Handling overflow when casting doubles to integers in C

Today, I noticed that when I cast a double that is greater than the maximum possible integer to an integer, I get -2147483648. Similarly, when I cast a double that is less than the minimum possible integer, I also get -2147483648.

Is this behavior defined for all platforms?
What is the best way to detect this under/overflow? Is putting if statements for min and max int before the cast the best solution?

Upvotes: 36

Views: 20969

Answers (10)

Eric Postpischil
Eric Postpischil

Reputation: 222660

Here is C code to test and report whether a double can be converted to int without overflow and, if it can, return the resulting int. I copied it from my answer here. This code takes pains to use behavior defined by the C standard in a variety of C implementations.

This approach uses the definition of floating-point formats in the C standard—as a signed base-b numeral multiplied by a power of b. Knowing the number of digits in the significand (provided by DBL_MANT_DIG) and the exponent limit (provided by DBL_MAX_EXP) allows us to prepare exact double values as end points.

I believe it will work in all conforming C implementations subject to the modest additional requirements stated in the initial comment.

/*  This code demonstrates safe conversion of double to int in which the
    input double is converted to int if and only if it is in the supported
    domain for such conversions (the open interval (INT_MIN-1, INT_MAX+1)).
    If the input is not in range, an error is indicated (by way of an
    auxiliary argument) and no conversion is performed, so all behavior is
    defined.

    There are a few requirements not fully covered by the C standard.  They
    should be uncontroversial and supported by all reasonable C implementations:

        Conversion of an int that is representable in double produces the
        exact value.

        The following operations are exact in floating-point:

            Dividing by the radix of the floating-point format, within its
            range.

            Multiplying by +1 or -1.

            Adding or subtracting two values whose sum or difference is
            representable.

        FLT_RADIX is representable in int.
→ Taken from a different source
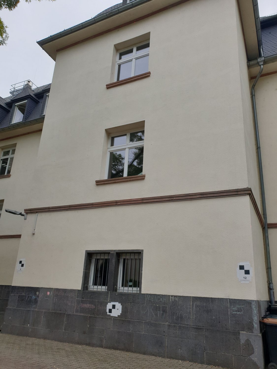 Bei der Photogrammetrie, welche an der Station F erläutert wurde, benutzt man statt dem Laserscanner eine einfache Kamera. Hier werden also verschiedene Blickwinkel eines Gebäudes fotografiert und anschließend ausgewertet. Während es bei dem Laserscanner um Punktgenauigkeit geht, welche insbesondere bei Denkmalen eine große Rolle spielt, kann man mit Hilfe des 3D-Models der Photogrammetrie beispielsweise die Farben eines Gebäudes genauer erkennen. Hier wird im Millimeterbereich genau gemessen und es gibt verschiedenste Nutzungsmöglichkeiten, zum Beispiel kann man die Photogrammetrie für Google Maps und 3D-Aufnahmen verwenden.

        DBL_MIN_EXP is not greater than -DBL_MANT_DIG.  (The code can be
        modified to eliminate this requirement.)
*/


#include <float.h>
#include <errno.h>
#include <limits.h>
#include <stdio.h>


/*  These values will be initialized to the greatest double value not greater
    than INT_MAX+1 and the least double value not less than INT_MIN-1.
*/
static double UpperBound, LowerBound;


/*  Return the double of the same sign of x that has the greatest magnitude
    less than x+s, where s is -1 or +1 according to whether x is negative or
    positive.
*/
static double BiggestDouble(int x)
{
    /*  All references to "digits" in this routine refer to digits in base
        FLT_RADIX.  For example, in base 3, 77 would have four digits (2212).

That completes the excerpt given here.